The first pitch expected after Wednesday's FDA announcement: salmon and other fatty fish contain omega-3 fatty acids that are thought to — but not proved to — reduce the risk of heart disease.
Until now, the FDA standard for health claims about food has been rigid. Before oatmeal could claim to be good for the heart, for instance, there had to be scientific consensus that oatmeal's fiber helps maintain low cholesterol levels.
The new hurdle is similar to the one the courts have established for dietary supplements. They are allowed to carry "qualified health claims" — meaning there is no consensus, but a lot of scientific research supporting a particular nutrient's effect.
Food makers, irked by the disparity between the previously rigid standards governing them and what the $17 billion dietary supplement industry could claim, welcomed the plans.

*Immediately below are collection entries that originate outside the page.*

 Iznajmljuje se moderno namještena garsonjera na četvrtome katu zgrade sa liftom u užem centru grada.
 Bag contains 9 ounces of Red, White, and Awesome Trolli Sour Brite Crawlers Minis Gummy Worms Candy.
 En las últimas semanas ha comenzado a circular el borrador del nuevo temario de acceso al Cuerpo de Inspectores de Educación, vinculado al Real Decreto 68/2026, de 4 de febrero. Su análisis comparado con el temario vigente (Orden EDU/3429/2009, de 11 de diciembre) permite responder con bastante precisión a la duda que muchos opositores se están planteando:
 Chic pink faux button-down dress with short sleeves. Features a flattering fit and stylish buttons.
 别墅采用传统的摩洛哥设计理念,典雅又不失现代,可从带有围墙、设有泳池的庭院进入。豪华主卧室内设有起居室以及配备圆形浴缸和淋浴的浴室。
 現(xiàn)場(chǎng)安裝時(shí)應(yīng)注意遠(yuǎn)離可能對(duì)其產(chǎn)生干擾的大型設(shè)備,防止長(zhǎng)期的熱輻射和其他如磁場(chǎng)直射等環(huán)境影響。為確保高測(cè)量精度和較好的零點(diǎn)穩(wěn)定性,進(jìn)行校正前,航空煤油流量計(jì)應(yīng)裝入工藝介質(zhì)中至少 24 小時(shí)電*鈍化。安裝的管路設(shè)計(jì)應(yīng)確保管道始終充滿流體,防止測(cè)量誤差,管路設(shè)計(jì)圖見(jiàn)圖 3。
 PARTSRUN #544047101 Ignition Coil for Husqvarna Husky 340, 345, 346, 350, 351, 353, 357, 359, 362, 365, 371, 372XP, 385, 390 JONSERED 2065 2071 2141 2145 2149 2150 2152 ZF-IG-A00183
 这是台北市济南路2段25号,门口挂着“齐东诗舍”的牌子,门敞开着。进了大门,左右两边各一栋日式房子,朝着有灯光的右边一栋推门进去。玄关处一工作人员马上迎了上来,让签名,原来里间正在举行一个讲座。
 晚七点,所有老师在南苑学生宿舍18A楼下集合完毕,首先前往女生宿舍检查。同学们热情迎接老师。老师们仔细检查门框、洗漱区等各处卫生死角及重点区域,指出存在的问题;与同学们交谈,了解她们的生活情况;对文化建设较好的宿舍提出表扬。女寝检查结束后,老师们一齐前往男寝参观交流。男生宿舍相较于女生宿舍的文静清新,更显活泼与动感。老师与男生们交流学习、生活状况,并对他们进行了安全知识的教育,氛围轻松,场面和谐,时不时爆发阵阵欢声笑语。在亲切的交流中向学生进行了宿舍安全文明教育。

The steps are "leveling the playing field for conventional foods," said Rhona Applebaum of the National Food Processors Association.
"This breaks a logjam," added Gene Grabowski of the Grocery Manufacturers of America.
But consumer advocates decried the move.
A qualified food claim is comparable to the airline industry saying, "this airplane may be safe," said Bruce Silverglade of the Center for Science in the Public Interest. "Most consumers ... don't like wishy-washy advice from health agencies."
The FDA also promised more crackdowns on dietary supplement makers who make fraudulent claims
U.S. marshals acting on an FDA request this week seized $100,000 of a supplement called EverCLR that was sold illegally as a treatment for herpes and other viruses. Federal law prohibits dietary supplements from being sold as disease treatments, and the FDA spent two years trying to persuade EverCLR's maker to stop its marketing voluntarily.
"FDA will not tolerate fraudulent schemes that deceive or endanger the public," the agency said in a report outlining plans to enforce often-neglected laws against false health claims.
It is the strongest warning so far after a year of signals that the agency increasingly is frustrated with cases of deception in the industry.
"We're putting manufacturers on notice about what is coming," new FDA Commissioner Mark McClellan said Wednesday. "We had a major seizure this week, and you can expect more coming."
The agency cautioned that makers of foods and dietary supplements must get FDA approval before putting those claims on their products.
Both plans "will help consumers get accurate, science-based information" necessary to improve their health, McClellan said after a brief White House visit to discuss the changes with President Bush.
The FDA's main authority over supplements is ensuring that health-related claims on labels and in ads are truthful.
Dr. Sidney Wolfe of the consumer group Public Citizen said he hopes the pledge turns out to be "more than just public relations." Overall, he said, "what the FDA's done in the area of enforcement of dietary supplements is appalling, it's dangerous."
Congress exempted dietary supplements from most federal regulation in 1994, allowing them to be sold without proof that they are safe or benefit health. The FDA can try to force risky supplements off the market only after the agency has proof of people being injured.
The agency is embroiled in controversy over whether it should force one supplement, ephedra, off the market or restrict sales because of reports linking the pills to heart attacks and strokes.
Annette Dickinson of the Council for Responsible Nutrition, the trade group that represents mainstream dietary supplement makers, said a misleading claim hurts consumers and is an "unfair business practice for the responsible industry that doesn't make those claims."
Calls to Halo Supply Co. of San Diego, which made the EverCLR supplement that was seized, were not immediately returned.